Live long and prosper
So müde und ausgelaugt wir armen Eltern Abends auch ins Bett fallen, die Studie beweist es: Das ist ziemlich gesund! Zumindest sorgt es dafür, dass wir etwa zwei Jahre länger leben, als die, die ihre besten Jahre damit verbringen sich selbst in den Mittelpunkt zu stellen. Die im Urlaub am Pool mit Kinderverbot liegen und auch mal mit Rucksack und Fahrrad ganz spontan sein können. Die, die ihre Wochenenden im Bett und ihre Abende im Kino verbringen ohne, dass kleine Mitbewohner die Wohnung umbauen. Die, die sich mal eben in den Flieger, den Zug, oder das Auto setzen können um spontan mal was zu unternehmen, ohne die Schlafenszeiten der Kinder zu berücksichtigen und 4 Koffer mit Windelnd und Ersatzwäsche zu packen. Die, die zu jeder Tages- und Nachtzeit entspannt in Lokalen sitzen und Essen und Trinken, ohne andere Gäste zu belästigen werden wir alle überleben!

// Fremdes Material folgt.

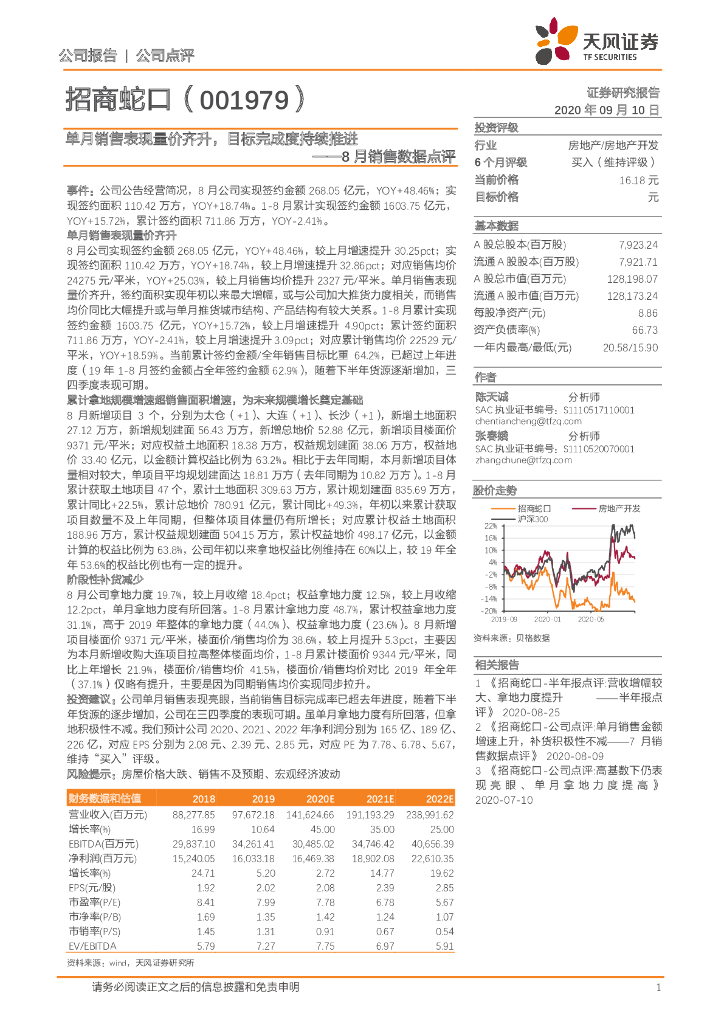 天风证券:招商蛇口(001979)-8月销售数据点评:单月销售表现量价齐升,目标完成度持续推进.pdf
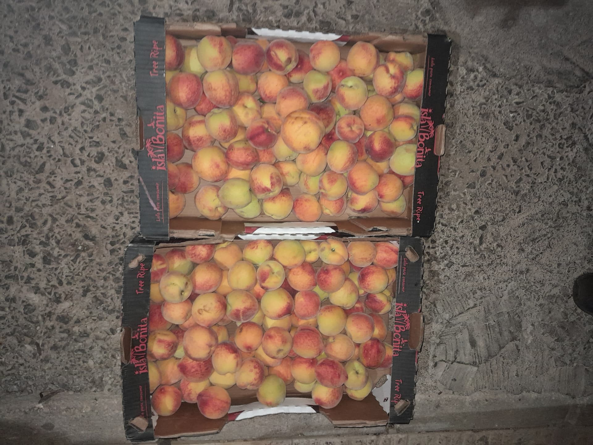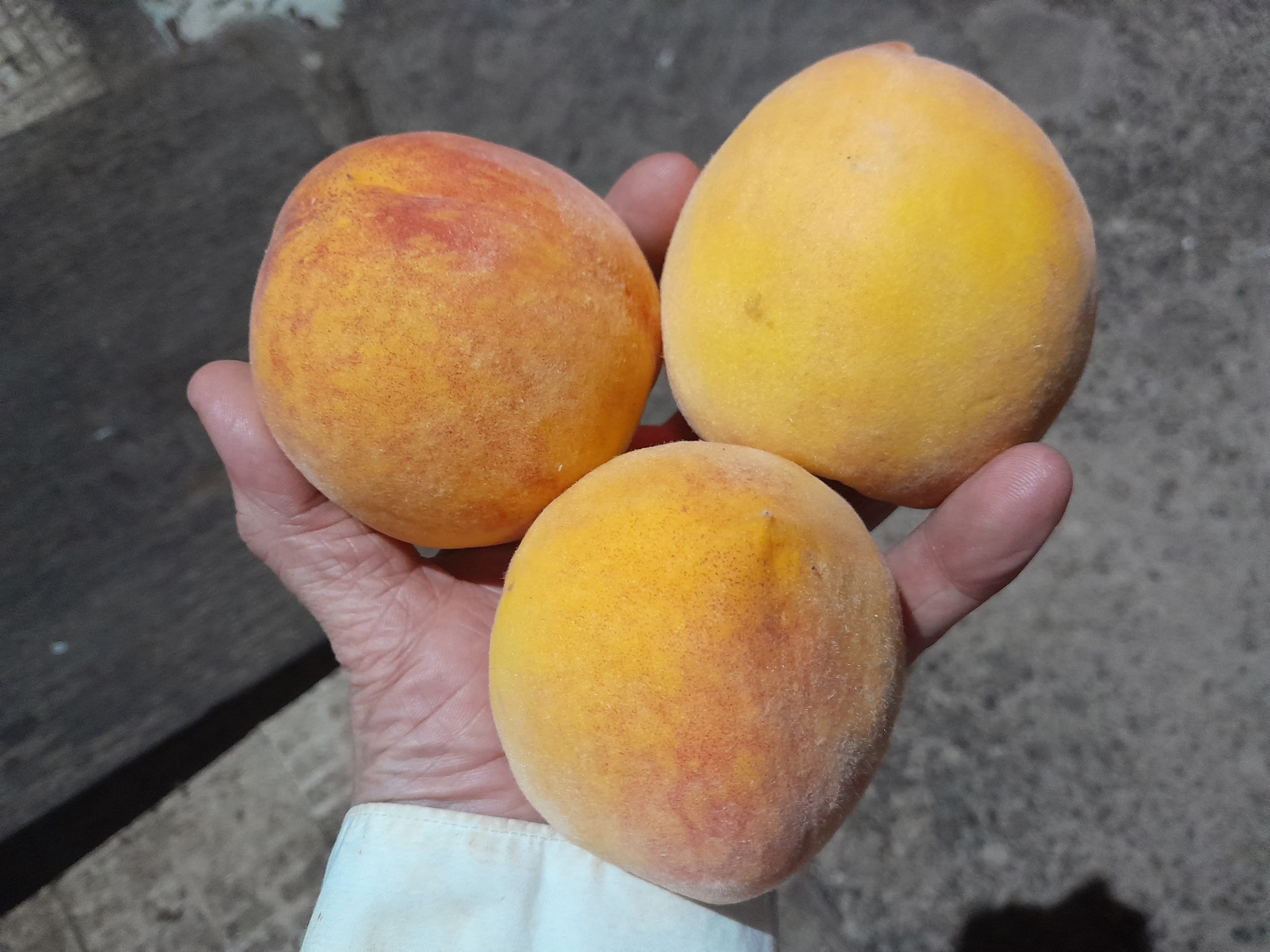 These are two varieties of Pavias ( Cling peach ) harvested this afternoon

Das Beste kommt zum Schluss
Gut, dann dürfen wir uns also auf zwei Extrajahre freuen. Die Wissenschaftler haben dafür keinen wirklichen Grund feststellen können, vermuten aber, dass es daran liegen könnte, dass die Kinder uns im Alter unterstützen. Warum auch immer es so ist, auf jeden Fall kann man zufrieden sein. Etwas mehr Zeit um das Alter zu genießen sind ein Geschenk, das jeder sicher gerne annimmt. Allerdings habe ich berechtigte Zweifel daran, dass die Studie repräsentativ ist. Zwar wurden die Daten von 704 481 Männer und 725 290 Frauen erfasst und die Ergebnisse sind eindeutig, aber die Umstände sind sicherlich nicht vergleichbar mit der heutigen Zeit.
100 Jahre später
Die Gesellschaft hat sich verändert. Statt der klassischen Rollenverteilung mit dem alleinverdienenden Mann und der haushaltsführenden Frau arbeiten heute fast alle Eltern um finanziell über die Runden zu kommen. Der wirtschaftliche Druck ist hoch und Mieten und andere Nebenkosten müssen bezahlt werden. Kinder sind heute eine Belastung, die sich nicht jeder leisten kann, oder will. In der ersten Häfte des 20. Jahrhunderts, in der die in der Studie berücksichtigen Schweden lebten, war die Situation sicherlich ganz anders. Ob sich eine Frau, die 1940 ihre Kinder erzogen hat mit einer Frau vergleichen lässt, die das heute tut, sei dahingestellt. Aber die Zahlen lassen sich nicht wegdiskutieren.
Späte Rendite
Wer viele Jahre seines Lebens in die Kinder investiert, der darf am Ende auf eine kleine Entschädigung hoffen. Altwerden ist nicht immer schön, vor allem, wenn man geliebte Menschen verliert und immer einsamer wird. Kinder können hier auf jeden Fall Abhilfe schaffen. Bis zum Lebensende sind sie für die Eltern da und kommen wenigstens ab und zu mal zu Besuch. Als Großeltern hat man in der heutigen Zeit wieder eine wichtige Rolle. Wenn die Kita Ferien hat, oder während der Schulferien können sich die arbeitenden Eltern nicht immer frei nehmen. Oma und Opa haben meistens Zeit. Dumm nur, wenn Oma mehrere Kinder hat und alle zeitgleich Nachwuchs bekommen. Die Mutter meines Mannes hat insgesamt 14 Enkelkinder. Fast ein Fulltime-Job, solange sie klein sind.
Schulden begleichen
Die Mitarbeit in der Familie war früher Gang und Gebe für die alten Menschen. Heute ist es schwer, sich in das Leben der erwachsenen Kinder einzubringen. Jeder lebt unter Hochdruck und man braucht für fast Alles einen Termin. Eine umständliche Oma, oder ein vergesslicher Opa passt oft nicht in die Lebensplanung.
Wir lernen aus der schwedischen Studie also zwei Dinge. Erstens, dass wir uns im Alter auf unsere Kinder verlassen können und wir wahrscheinlich deswegen länger leben werden, aber auch, dass sich unsere Eltern genau dasselbe von uns verdient haben.